この本に書かれているのも、上記の人間たちのほかにも梶井基次郎の死の床に行く気がしなくなった話や、若い時にある地方都市で布団をともにした男からの不意の手紙の話とか。残っている話と言うのが、「書き残していた話」なのかと思ったが、そうではなく書の後半の日記風エッセイで、高齢になって自分の先祖(ルーツ)探しを必死に始めることを「残っている話」として書いている。

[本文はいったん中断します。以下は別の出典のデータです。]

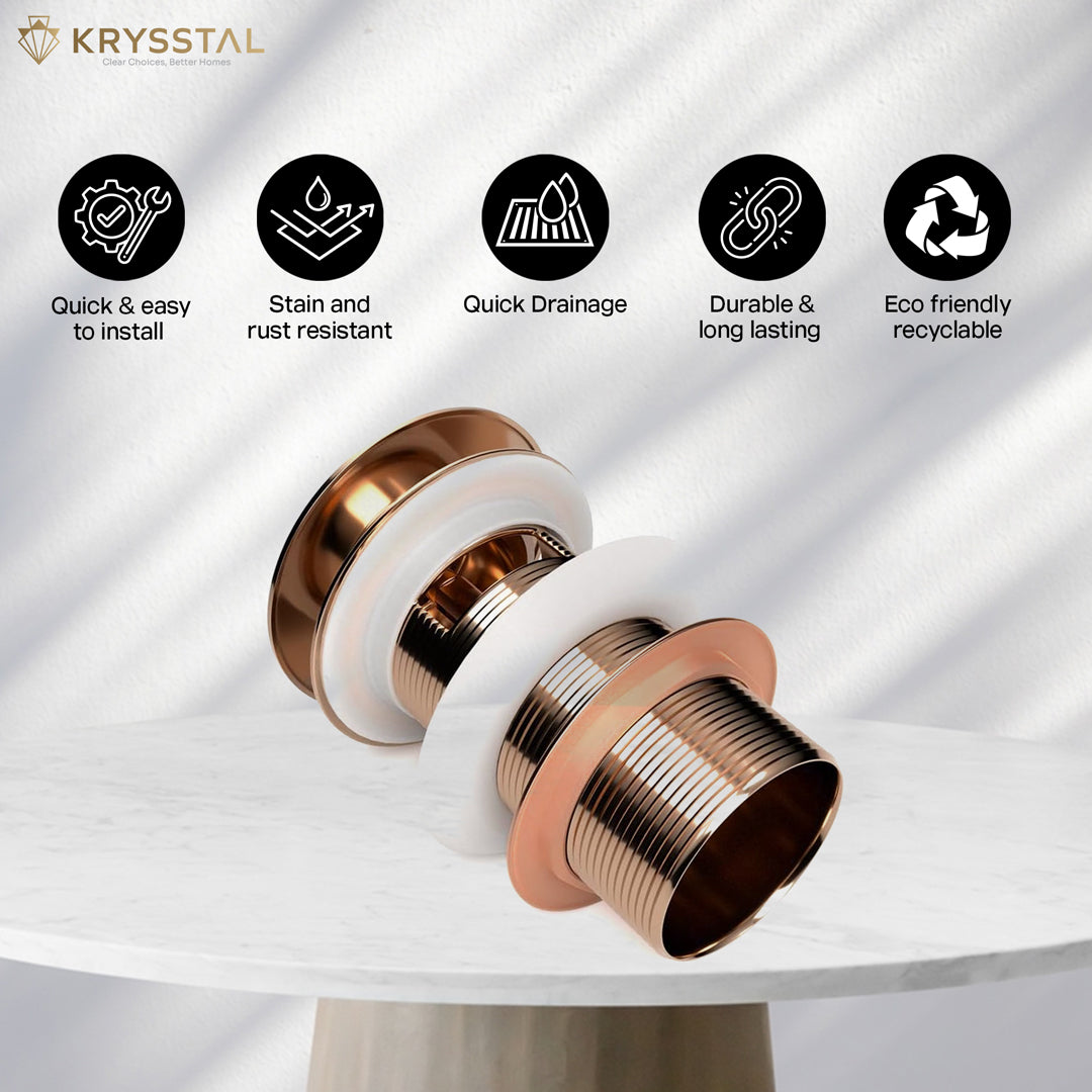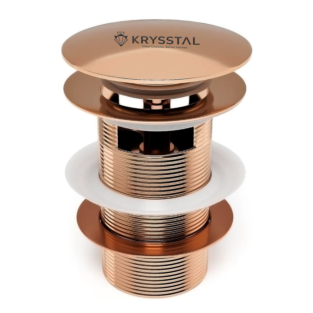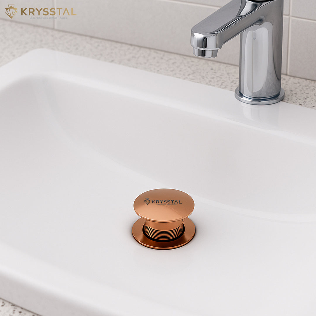 Most KRYSSTAL PVD pop-up waste couplings are 1¼" (≈32 mm, BSP)—a universal fit for standard bathroom sink waste holes in India.
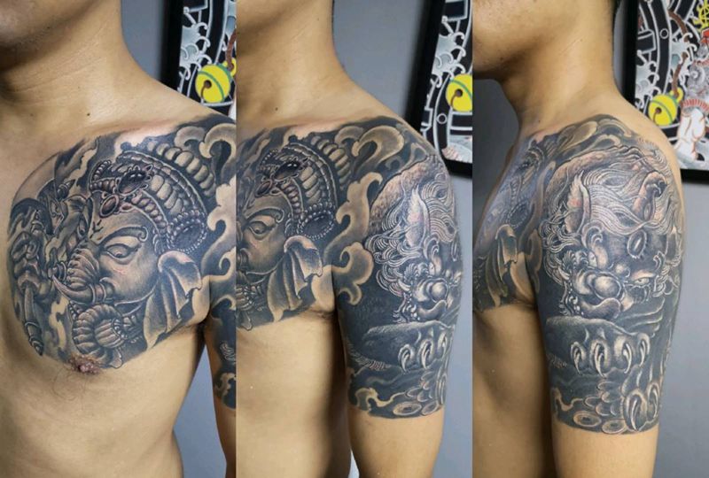 • 纹身吧推荐的披肩图腾半胛纹身图案作品展示
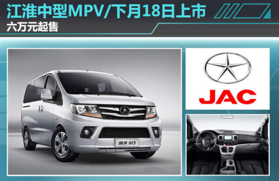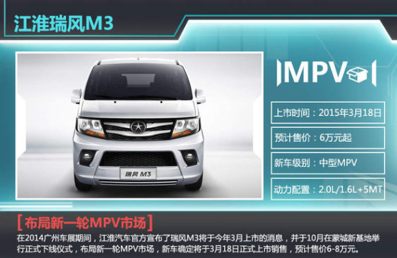 在2014广州车展期间,江淮汽车官方宣布了瑞风M3将于今年3月上市的消息,并于10月在蒙城新基地举行正式下线仪式,布局新一轮MPV市场。日前,媒体从江淮汽车官方获悉了新车的车型图片,同时了解到瑞风M3的具体参数,定位中型MPV,确定将于3月18日正式上市销售,预计售价6-8万元。
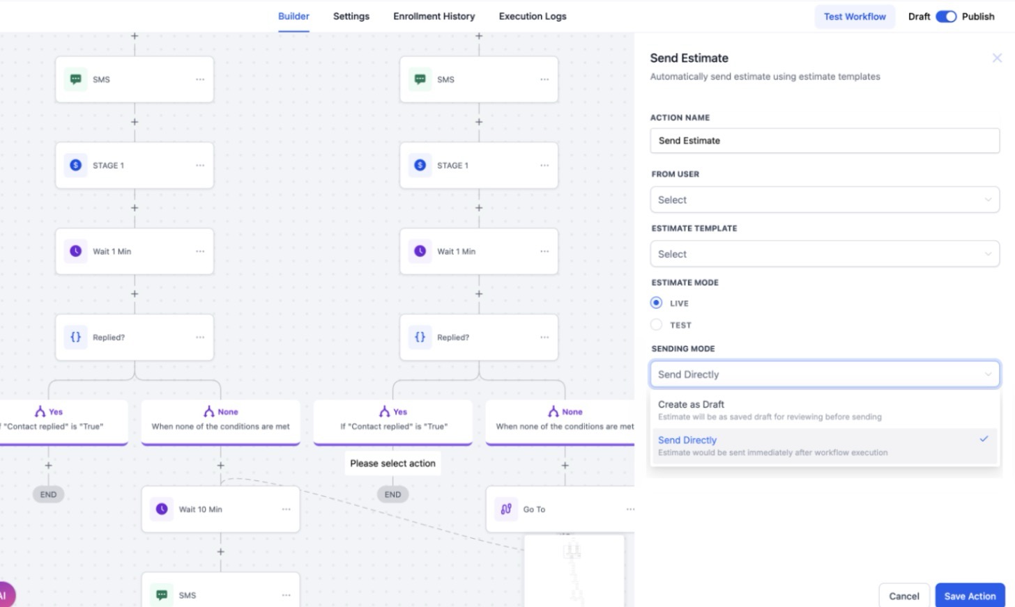 - Select an option from the “Sending Mode” dropdown, either “Send Directly” or “Create in Draft.” With the “Create in Draft” option, each time this workflow is triggered, a draft estimate will be created and placed in the draft section of Estimates.
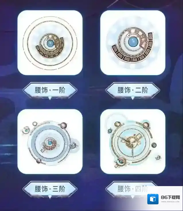 ○ 腰饰:化偃-惊偃-偃火霓云-偃域梦华共四阶外观展示(开发中效果展示,不代表最终品质)
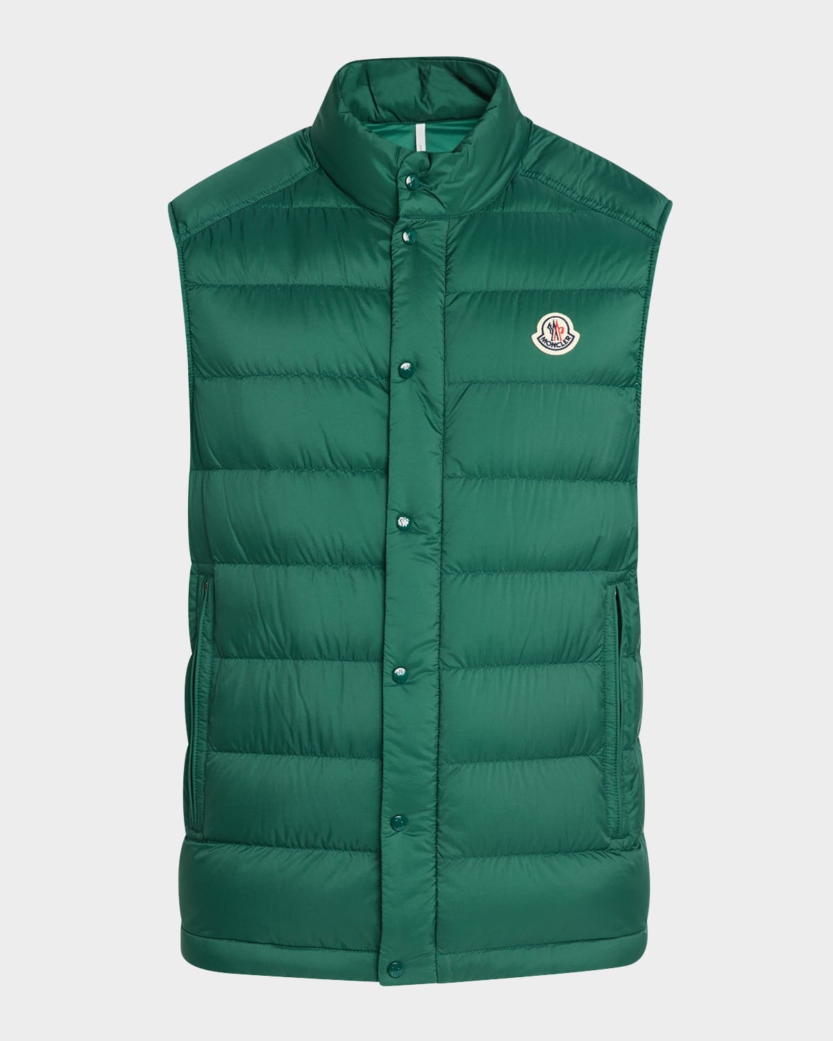 - Moncler "Barthe" puffer vest - Mock neckline - Snap front closure - Logo patch at chest - Welted zip pockets - Down/feather fill - Nylon/polyamide - Lining: Nylon - Hand wash - Imported
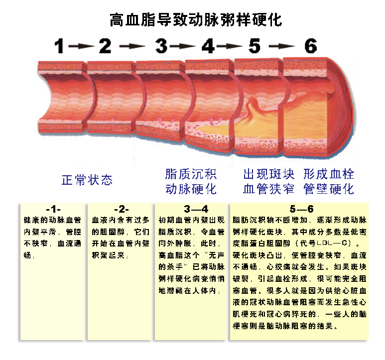 1、 健康的动脉血管内壁平滑,管腔不狭窄,血流通畅; 2、 血液内含有过多的胆固醇,它们开始在血管内壁积聚起来; 3—4、初期血管内壁出现脂质沉积,令血管向外肿胀,此时,高血脂这个“无声的杀手”已将动脉粥 样硬化病变悄悄地潜藏在人体内; 5—6、脂肪沉积物不断增加,逐渐形成动脉粥样硬化斑块,其中成分多数是低密度脂蛋白胆固醇(代号 LDL—C)。硬化斑块凸出,使管腔变狭窄,血流不通畅,心绞痛就会发生。如果斑块破裂,引起血栓形 成,很可能完全阻塞血管。很多人就是因为供给心脏血液的冠状动脉血管阻塞而发生急性心肌梗死和冠 心病猝死的,一些人的脑梗塞则是脑动脉阻塞的结果。
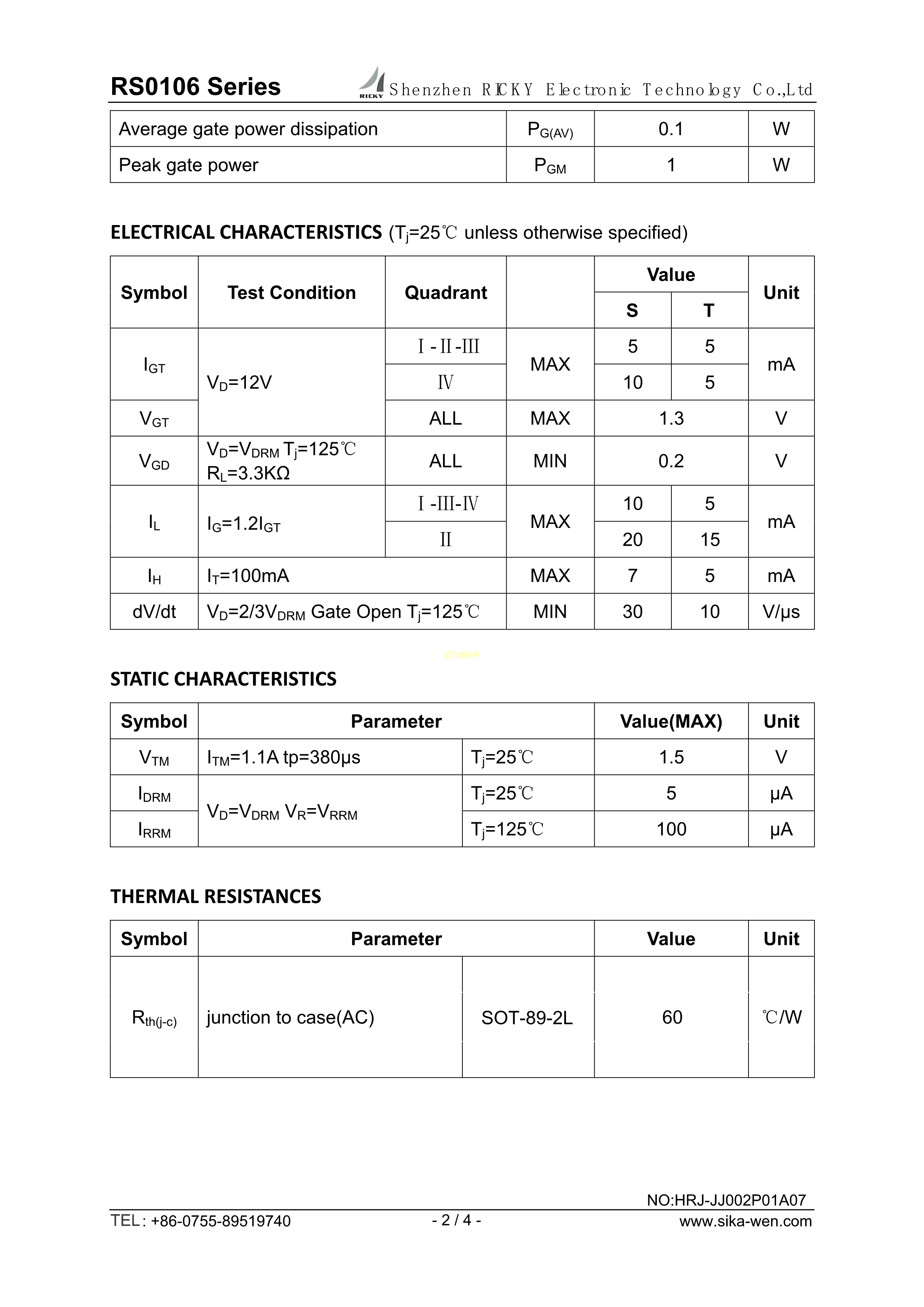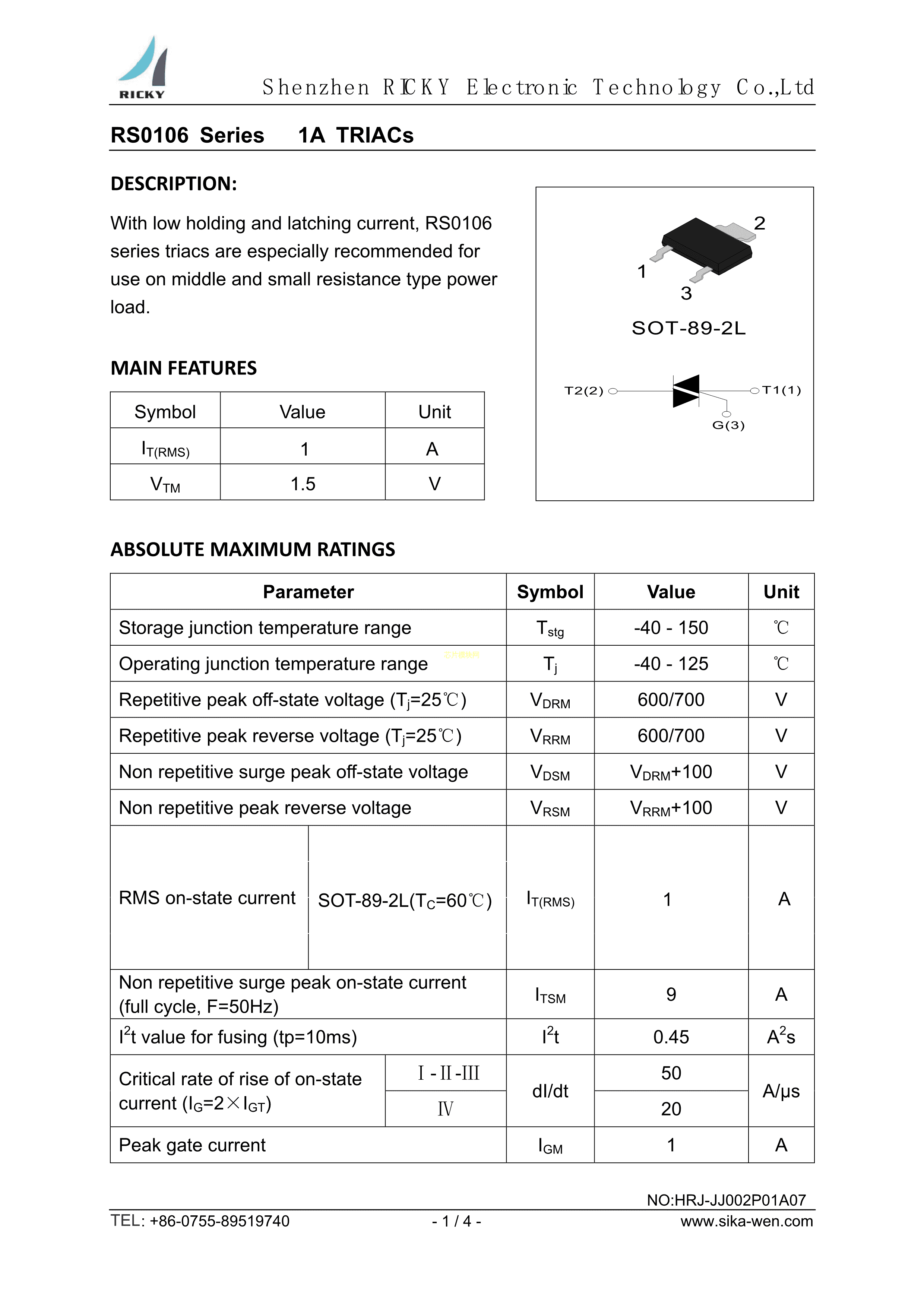 RS0106T-N数据手册SOT-89-2L封装RICKYPDF规格书,中英文下载

なにしろ82歳の時の話だが、岩国(山口県)の有名人として、地元の人たちから、ルーツを書いたらという要望に応じて墓や寺や古戦場を歩き回る。どうも自家製の小麦青葉をすりつぶして飲んでいたようで、元気いっぱいだ。享年は98歳だし。

先祖は毛利家に滅亡させられた小さな大名の部下だったようで、鞍掛合戦と言われる戦史に漏れることの多い大いくさ(戦死者1500~2000名)で、兄弟の一人だけが農家として生き延びたらしい。

叙述はまさに歴史小説家といったところで、肉食の面影はない。若い時の男友達がすべて他界してしまったから枯れていったのだろうか。

とはいえ、東郷青児関連の記載は美術界の常識は、宇野が押しかけたことになっているが、宇野の書き方は逆になっている。もっとも竹久夢二の研究書によれば夢二の妻に青児が手を出そうとしたことになっていたり、ご都合主義だ。まあ、三人とも肉食家だったということだろうか。